Task brief:
Starting at the first line of the records below, reproduce every line up to and including the line with "(3)在PC0 FastEt", but leave out all pictures.
▼
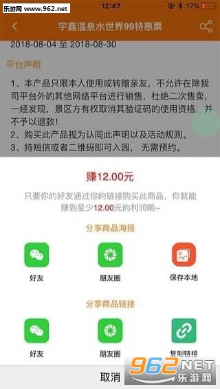 爱买店主分享产品海报之后,有好友在海报购票可直接立刻收到佣金奖励。店主不需要洽谈景区,也不需要去管游客购买后的流程,只要做好自己的社交流量,就可以轻松赚钱。
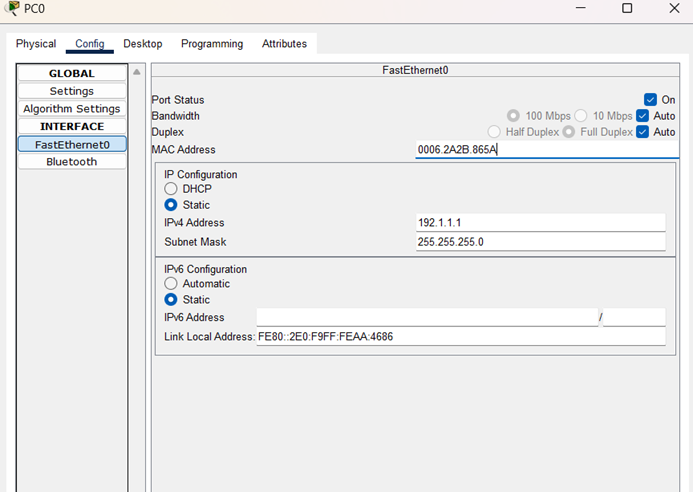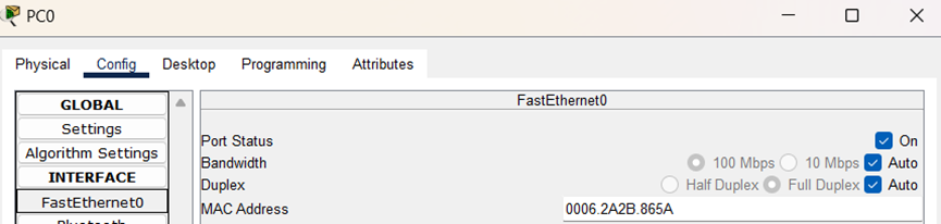 (3)在PC0 FastEthernet0接口配置界面,对PC0的MAC地址进行修改,改为0006.2A2B.865A
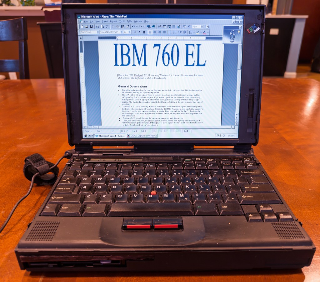 While the AC port is a bit sensitive, the battery can hold a brief charge before quickly dropping. Inside is what I believe to be a 120 MHz Pentium MMX running Windows 95 from a 3 GB hard drive in 8 MB RAM. It has Office 97 installed along with some CAD programs used to design circuits and Borland C++. This was someone’s work machine and they left their work on it. It’s not in pristine condition with some cracks, a grippy coating that has degraded into stickiness, and a stiff keyboard. Everything works but it’s not necessarily comfortable.
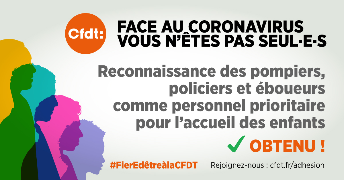 Reconnaissance des pompiers, policiers et éboueurs comme personnel prioritaire pour l'accueil des enfants
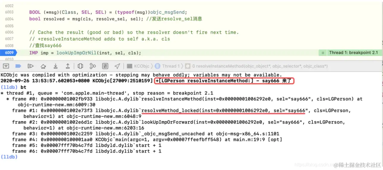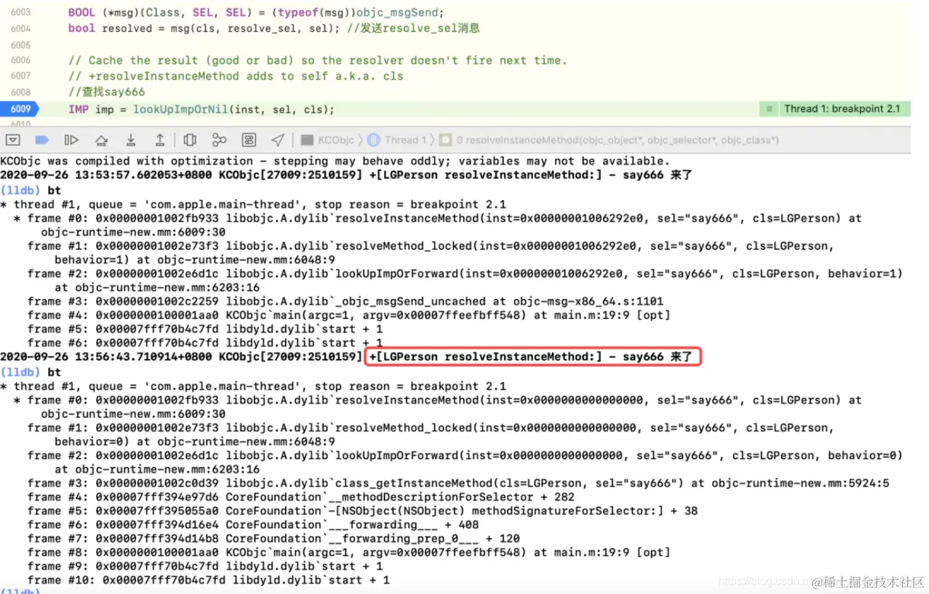 resolveInstanceMethod方法中IMP imp = lookUpImpOrNil(inst, sel, cls);处加一个断点,运行程序,直到第一次“来了”,通过bt查看第一次动态方法决议的堆栈信息,此时的sel是say666 -
▲
Response box:
 爱买店主分享产品海报之后,有好友在海报购票可直接立刻收到佣金奖励。店主不需要洽谈景区,也不需要去管游客购买后的流程,只要做好自己的社交流量,就可以轻松赚钱。
 (3)在PC0 FastEthernet0接口配置界面,对PC0的MAC地址进行修改,改为0006.2A2B.865A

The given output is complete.